On March 21, Gelonghui announced that Hutchmed (China) (00013.HK) has received conditional approval for the new drug Tazverik (tazemetostat) in China, indicated for the treatment of adult patients with EZH2 mutation-positive relapsed or refractory follicular lymphoma (FL) who have previously received at least two systemic treatments. This approval was obtained through the China National Medical Products Administration's ("NMPA") priority review process and marks the first national regulatory approval for Tazverik in China.
This conditional approval from the NMPA is based on a multicenter, open-label Phase II bridging study conducted in China, as well as clinical studies conducted by Epizyme, Inc. ("Epizyme"), a subsidiary of Ipsen, outside of China. The primary objective of the bridging study was to assess the objective response rate (ORR) of Tazverik in treating patients with relapsed/refractory follicular lymphoma with EZH2 mutations, and secondary objectives included evaluating the duration of response (DoR), progression-free survival (PFS), overall survival (OS), safety, and pharmacokinetics in patients with or without EZH2 mutations. Further details of the study can be found on clinicaltrials.gov by searching registration number NCT05467943.
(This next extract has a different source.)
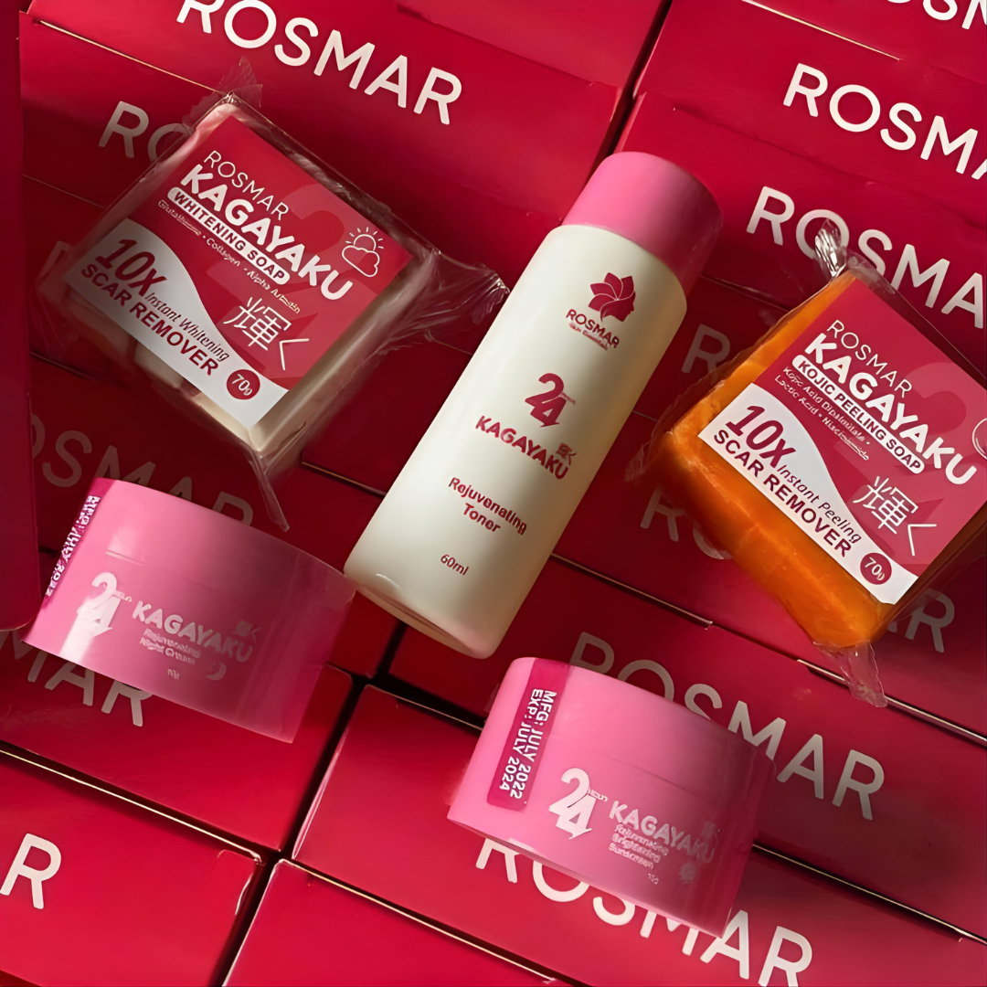 The Rosmar Kagayaku 24 Hours Rejuvenating Set is a complete skincare regimen that exfoliates, hydrates, brightens, and protects your skin for a radiant, youthful glow. This powerful 5-in-1 kit is designed to target acne, pigmentation, and dullness while promoting smooth, even-toned, and luminous skin. Perfect for daily use to achieve the coveted "glass skin" effect.

Dr. Cao Junying, the principal investigator of the bridging study and a physician at Fudan University Shanghai Cancer Center, stated: "This approval brings significant treatment advances for this challenging disease. Most patients with follicular lymphoma may experience multiple relapses throughout their lives, posing great difficulties for treatment and often leading to poor outcomes. In clinical trials, Tazverik has demonstrated good efficacy in patients with EZH2 mutations. The company looks forward to delivering this groundbreaking epigenetic therapy to patients in China who have long been seeking new effective treatments."